━━ PROVIDED DATA ━━

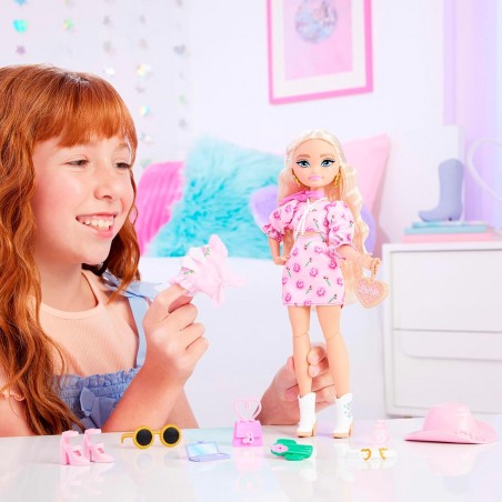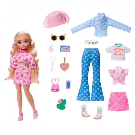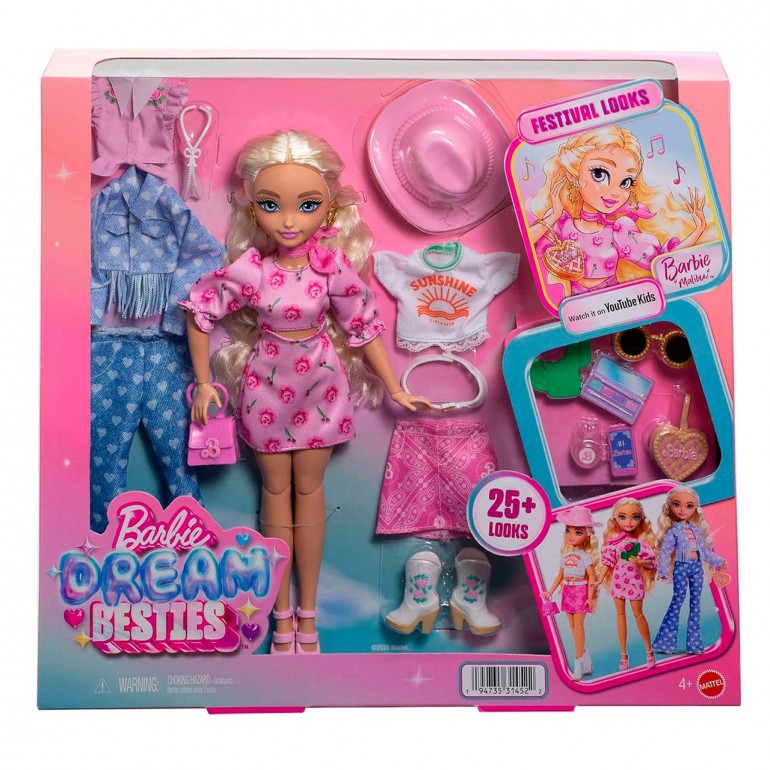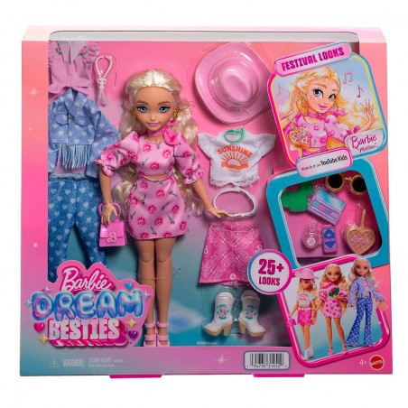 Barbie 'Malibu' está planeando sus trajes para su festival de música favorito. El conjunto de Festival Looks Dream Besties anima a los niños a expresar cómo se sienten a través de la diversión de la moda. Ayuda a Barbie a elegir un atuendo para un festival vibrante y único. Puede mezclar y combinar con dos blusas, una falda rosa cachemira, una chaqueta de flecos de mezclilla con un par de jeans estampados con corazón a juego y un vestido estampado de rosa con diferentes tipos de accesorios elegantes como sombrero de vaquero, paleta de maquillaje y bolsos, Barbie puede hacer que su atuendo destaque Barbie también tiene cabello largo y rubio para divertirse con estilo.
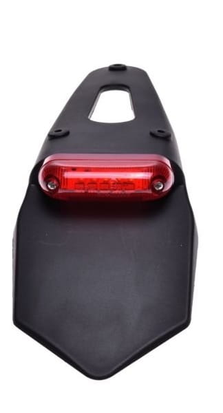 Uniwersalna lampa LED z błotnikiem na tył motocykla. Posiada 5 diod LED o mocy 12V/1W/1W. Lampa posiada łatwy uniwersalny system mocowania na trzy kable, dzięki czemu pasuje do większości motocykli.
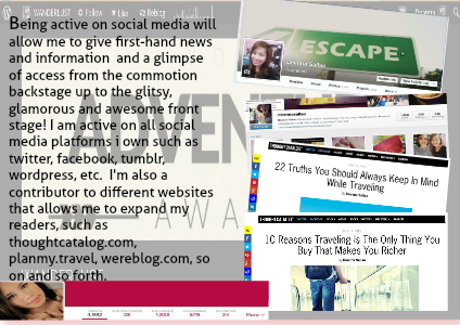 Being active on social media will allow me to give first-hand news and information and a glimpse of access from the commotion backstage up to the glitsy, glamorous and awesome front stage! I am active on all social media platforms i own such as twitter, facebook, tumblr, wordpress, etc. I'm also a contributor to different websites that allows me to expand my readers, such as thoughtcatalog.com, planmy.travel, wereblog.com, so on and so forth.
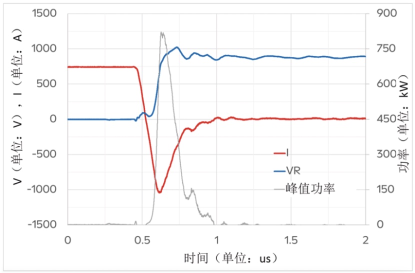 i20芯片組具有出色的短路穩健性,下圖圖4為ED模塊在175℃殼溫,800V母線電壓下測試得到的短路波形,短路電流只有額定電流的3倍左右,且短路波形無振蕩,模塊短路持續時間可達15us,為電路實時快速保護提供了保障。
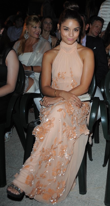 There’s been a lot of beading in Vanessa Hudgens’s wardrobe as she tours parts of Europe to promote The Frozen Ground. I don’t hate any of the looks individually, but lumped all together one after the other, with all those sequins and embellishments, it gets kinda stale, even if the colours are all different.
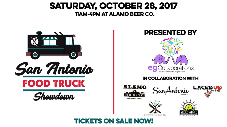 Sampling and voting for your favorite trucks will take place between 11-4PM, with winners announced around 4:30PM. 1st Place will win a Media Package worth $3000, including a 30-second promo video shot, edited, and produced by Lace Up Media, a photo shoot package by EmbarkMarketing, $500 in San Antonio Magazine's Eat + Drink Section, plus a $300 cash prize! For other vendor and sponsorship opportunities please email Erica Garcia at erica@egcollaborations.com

━━━

* EXERCISE PROMPT:
Set down the data exactly as it appears, without any images.

* EXERCISE RESULT:
 Barbie 'Malibu' está planeando sus trajes para su festival de música favorito. El conjunto de Festival Looks Dream Besties anima a los niños a expresar cómo se sienten a través de la diversión de la moda. Ayuda a Barbie a elegir un atuendo para un festival vibrante y único. Puede mezclar y combinar con dos blusas, una falda rosa cachemira, una chaqueta de flecos de mezclilla con un par de jeans estampados con corazón a juego y un vestido estampado de rosa con diferentes tipos de accesorios elegantes como sombrero de vaquero, paleta de maquillaje y bolsos, Barbie puede hacer que su atuendo destaque Barbie también tiene cabello largo y rubio para divertirse con estilo.
 Uniwersalna lampa LED z błotnikiem na tył motocykla. Posiada 5 diod LED o mocy 12V/1W/1W. Lampa posiada łatwy uniwersalny system mocowania na trzy kable, dzięki czemu pasuje do większości motocykli.
 Being active on social media will allow me to give first-hand news and information and a glimpse of access from the commotion backstage up to the glitsy, glamorous and awesome front stage! I am active on all social media platforms i own such as twitter, facebook, tumblr, wordpress, etc. I'm also a contributor to different websites that allows me to expand my readers, such as thoughtcatalog.com, planmy.travel, wereblog.com, so on and so forth.
 i20芯片組具有出色的短路穩健性,下圖圖4為ED模塊在175℃殼溫,800V母線電壓下測試得到的短路波形,短路電流只有額定電流的3倍左右,且短路波形無振蕩,模塊短路持續時間可達15us,為電路實時快速保護提供了保障。
 There’s been a lot of beading in Vanessa Hudgens’s wardrobe as she tours parts of Europe to promote The Frozen Ground. I don’t hate any of the looks individually, but lumped all together one after the other, with all those sequins and embellishments, it gets kinda stale, even if the colours are all different.
 Sampling and voting for your favorite trucks will take place between 11-4PM, with winners announced around 4:30PM. 1st Place will win a Media Package worth $3000, including a 30-second promo video shot, edited, and produced by Lace Up Media, a photo shoot package by EmbarkMarketing, $500 in San Antonio Magazine's Eat + Drink Section, plus a $300 cash prize! For other vendor and sponsorship opportunities please email Erica Garcia at erica@egcollaborations.com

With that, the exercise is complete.